TASK DETAILS:
Make an exact copy, from the records below, of the lines from the line containing "Gli interventi strutturali" to the line containing "hand-blown amber glass, comprising", both lines included, excluding pictures.

INFORMATION:

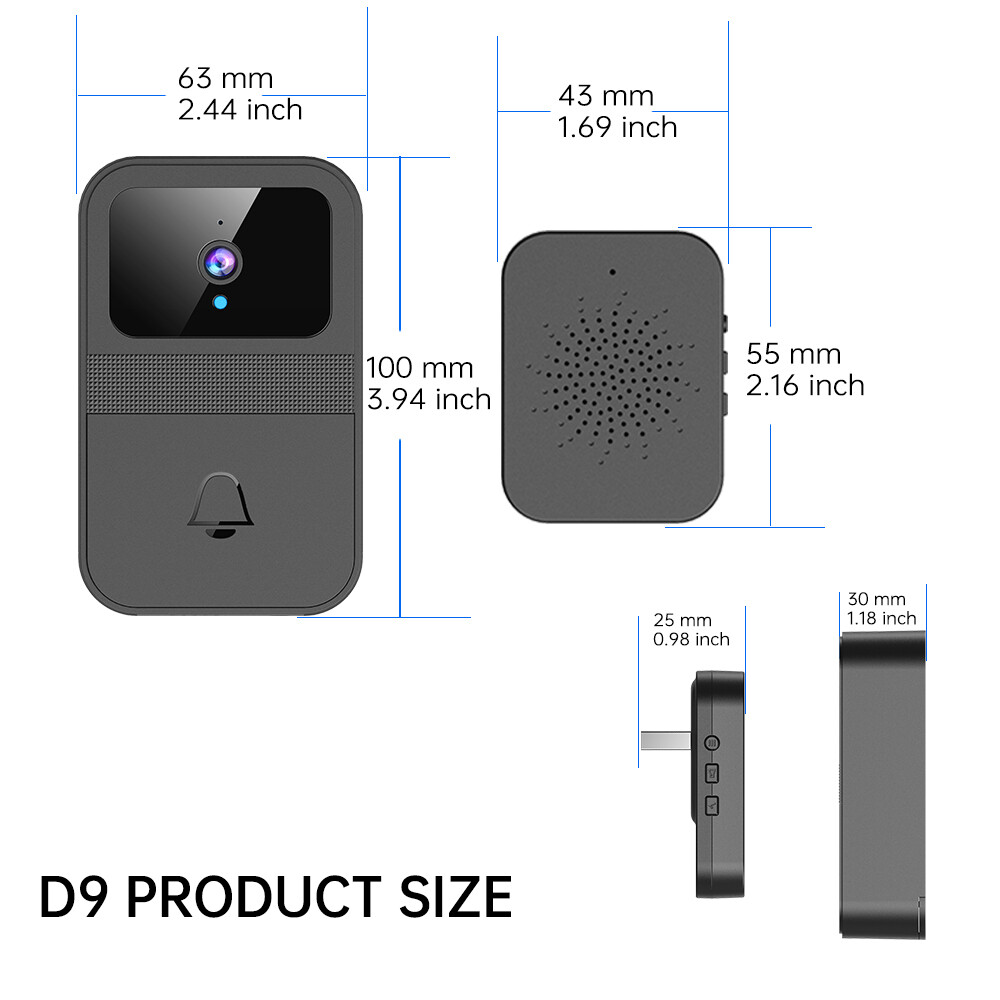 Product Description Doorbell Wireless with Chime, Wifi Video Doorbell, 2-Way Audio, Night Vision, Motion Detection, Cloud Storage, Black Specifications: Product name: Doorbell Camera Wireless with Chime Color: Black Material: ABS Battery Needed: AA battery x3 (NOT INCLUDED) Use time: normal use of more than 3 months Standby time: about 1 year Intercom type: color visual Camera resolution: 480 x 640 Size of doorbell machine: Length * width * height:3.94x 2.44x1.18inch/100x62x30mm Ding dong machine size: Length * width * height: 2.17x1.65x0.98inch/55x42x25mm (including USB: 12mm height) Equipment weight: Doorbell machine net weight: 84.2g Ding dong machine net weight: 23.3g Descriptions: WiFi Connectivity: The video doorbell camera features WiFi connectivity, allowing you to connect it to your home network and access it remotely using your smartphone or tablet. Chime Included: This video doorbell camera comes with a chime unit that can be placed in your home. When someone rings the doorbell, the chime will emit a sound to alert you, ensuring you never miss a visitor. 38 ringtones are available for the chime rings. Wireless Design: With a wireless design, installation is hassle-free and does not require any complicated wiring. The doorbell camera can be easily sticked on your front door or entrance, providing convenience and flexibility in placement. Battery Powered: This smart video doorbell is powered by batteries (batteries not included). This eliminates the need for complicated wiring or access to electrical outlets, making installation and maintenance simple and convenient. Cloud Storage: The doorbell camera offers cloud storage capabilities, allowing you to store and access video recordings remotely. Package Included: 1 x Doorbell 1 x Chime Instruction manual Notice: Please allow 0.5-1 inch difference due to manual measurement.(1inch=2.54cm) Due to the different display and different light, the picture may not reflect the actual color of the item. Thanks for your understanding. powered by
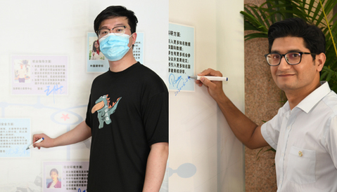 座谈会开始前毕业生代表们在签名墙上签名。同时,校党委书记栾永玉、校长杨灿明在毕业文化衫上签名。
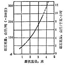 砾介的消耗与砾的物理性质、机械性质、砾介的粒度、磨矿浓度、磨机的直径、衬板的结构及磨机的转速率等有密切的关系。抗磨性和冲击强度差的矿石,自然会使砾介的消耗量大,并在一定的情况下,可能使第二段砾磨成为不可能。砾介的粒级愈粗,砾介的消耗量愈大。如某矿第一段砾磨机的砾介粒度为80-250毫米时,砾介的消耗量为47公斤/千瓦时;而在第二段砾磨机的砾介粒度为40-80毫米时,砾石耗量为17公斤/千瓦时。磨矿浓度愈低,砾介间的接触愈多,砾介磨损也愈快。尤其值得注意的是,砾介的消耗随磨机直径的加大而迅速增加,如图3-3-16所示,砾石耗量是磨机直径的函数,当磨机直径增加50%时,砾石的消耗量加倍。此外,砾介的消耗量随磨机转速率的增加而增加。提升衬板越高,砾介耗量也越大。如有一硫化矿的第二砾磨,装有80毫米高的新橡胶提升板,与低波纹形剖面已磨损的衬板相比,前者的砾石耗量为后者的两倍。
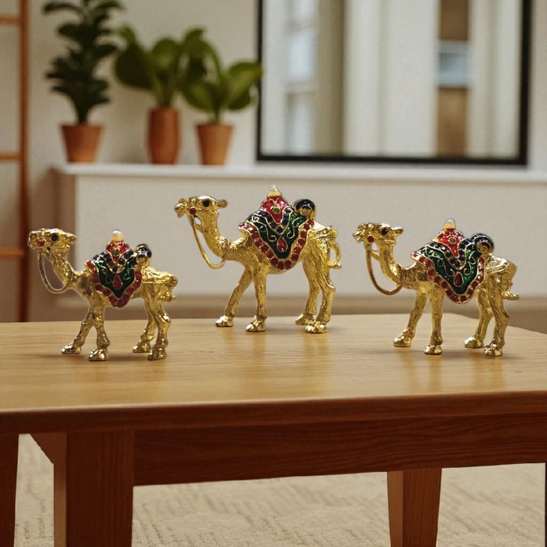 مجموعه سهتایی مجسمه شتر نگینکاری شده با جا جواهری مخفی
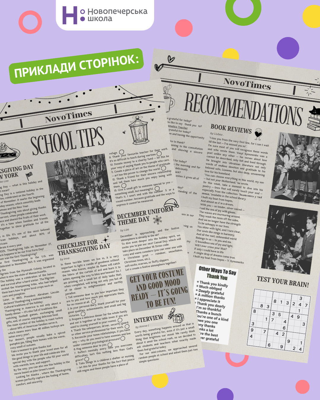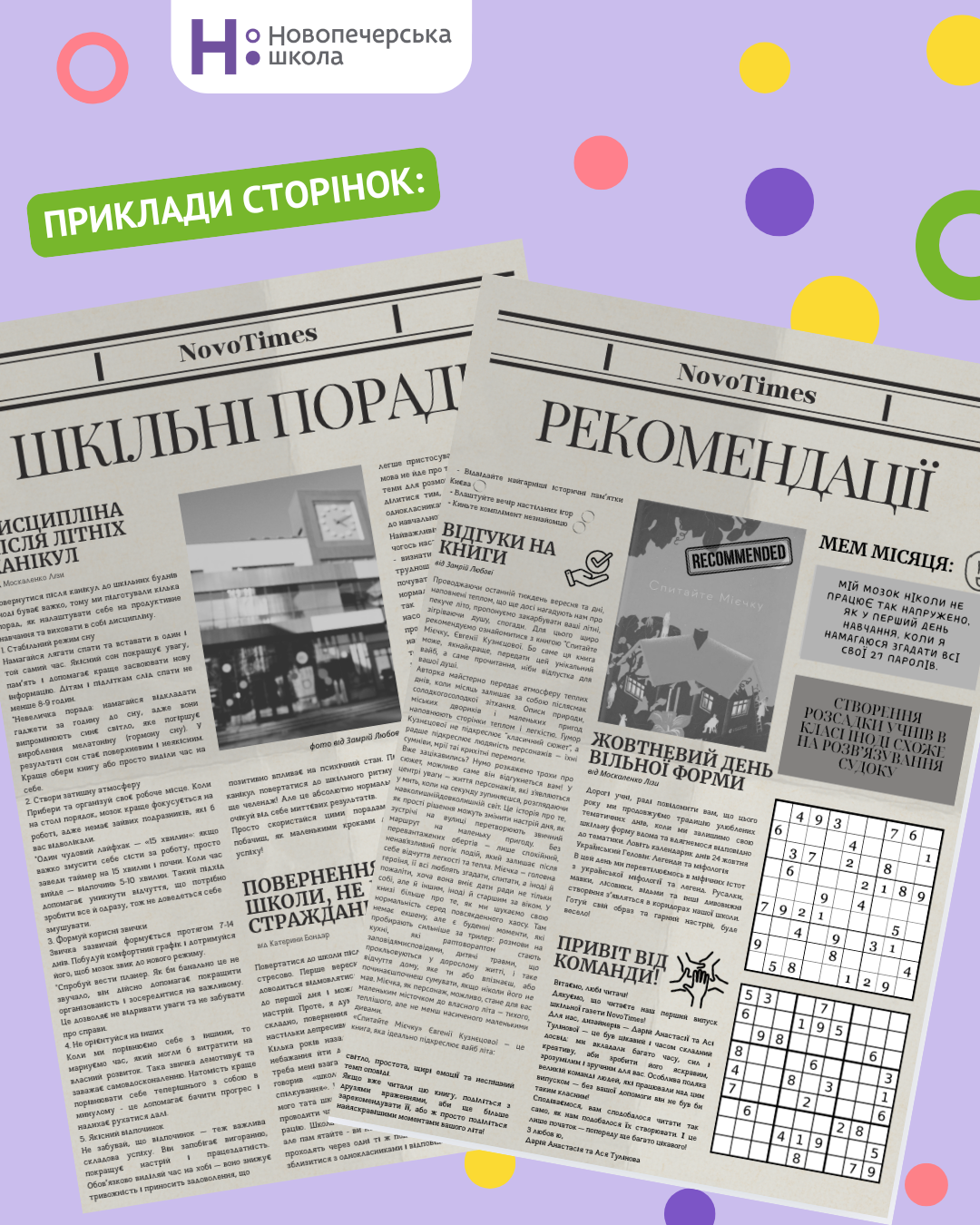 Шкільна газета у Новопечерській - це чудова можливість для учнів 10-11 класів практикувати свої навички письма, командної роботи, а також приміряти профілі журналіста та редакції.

---

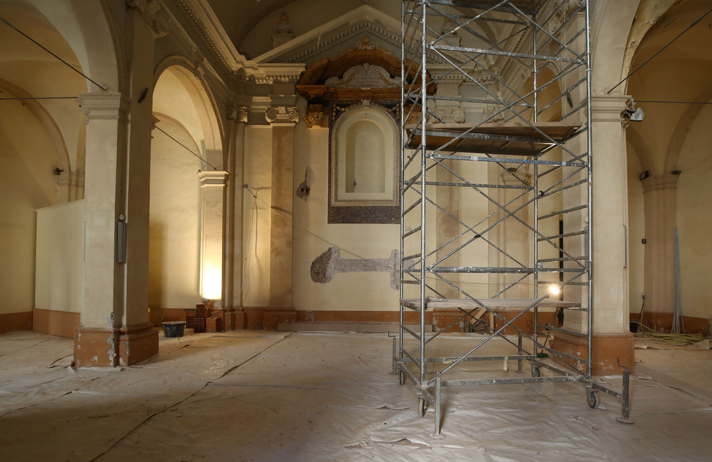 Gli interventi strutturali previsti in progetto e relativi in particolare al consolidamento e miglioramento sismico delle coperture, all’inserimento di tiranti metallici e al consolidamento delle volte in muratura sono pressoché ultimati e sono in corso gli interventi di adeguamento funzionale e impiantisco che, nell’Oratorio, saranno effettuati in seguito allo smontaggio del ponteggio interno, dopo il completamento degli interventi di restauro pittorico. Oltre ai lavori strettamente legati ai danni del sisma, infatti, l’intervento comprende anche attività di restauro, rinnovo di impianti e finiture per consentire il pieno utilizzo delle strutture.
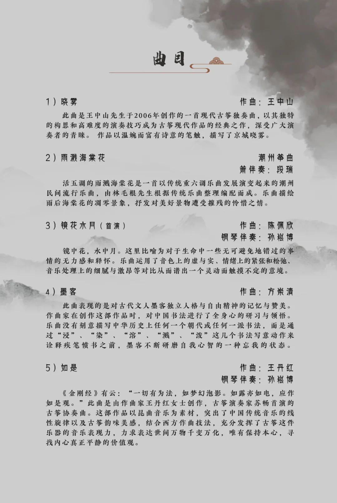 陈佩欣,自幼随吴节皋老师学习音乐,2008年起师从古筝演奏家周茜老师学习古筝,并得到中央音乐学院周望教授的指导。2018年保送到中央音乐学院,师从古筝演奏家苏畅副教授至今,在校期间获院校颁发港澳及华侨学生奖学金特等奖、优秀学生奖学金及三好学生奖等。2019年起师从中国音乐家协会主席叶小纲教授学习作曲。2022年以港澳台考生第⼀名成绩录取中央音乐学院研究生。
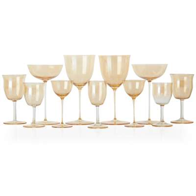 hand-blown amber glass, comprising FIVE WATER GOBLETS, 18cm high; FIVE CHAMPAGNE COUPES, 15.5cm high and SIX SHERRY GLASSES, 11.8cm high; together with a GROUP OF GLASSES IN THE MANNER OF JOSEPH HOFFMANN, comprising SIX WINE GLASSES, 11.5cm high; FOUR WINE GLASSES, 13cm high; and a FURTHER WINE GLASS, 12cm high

EXERCISE RESPONSE:
 Gli interventi strutturali previsti in progetto e relativi in particolare al consolidamento e miglioramento sismico delle coperture, all’inserimento di tiranti metallici e al consolidamento delle volte in muratura sono pressoché ultimati e sono in corso gli interventi di adeguamento funzionale e impiantisco che, nell’Oratorio, saranno effettuati in seguito allo smontaggio del ponteggio interno, dopo il completamento degli interventi di restauro pittorico. Oltre ai lavori strettamente legati ai danni del sisma, infatti, l’intervento comprende anche attività di restauro, rinnovo di impianti e finiture per consentire il pieno utilizzo delle strutture.
 陈佩欣,自幼随吴节皋老师学习音乐,2008年起师从古筝演奏家周茜老师学习古筝,并得到中央音乐学院周望教授的指导。2018年保送到中央音乐学院,师从古筝演奏家苏畅副教授至今,在校期间获院校颁发港澳及华侨学生奖学金特等奖、优秀学生奖学金及三好学生奖等。2019年起师从中国音乐家协会主席叶小纲教授学习作曲。2022年以港澳台考生第⼀名成绩录取中央音乐学院研究生。
 hand-blown amber glass, comprising FIVE WATER GOBLETS, 18cm high; FIVE CHAMPAGNE COUPES, 15.5cm high and SIX SHERRY GLASSES, 11.8cm high; together with a GROUP OF GLASSES IN THE MANNER OF JOSEPH HOFFMANN, comprising SIX WINE GLASSES, 11.5cm high; FOUR WINE GLASSES, 13cm high; and a FURTHER WINE GLASS, 12cm high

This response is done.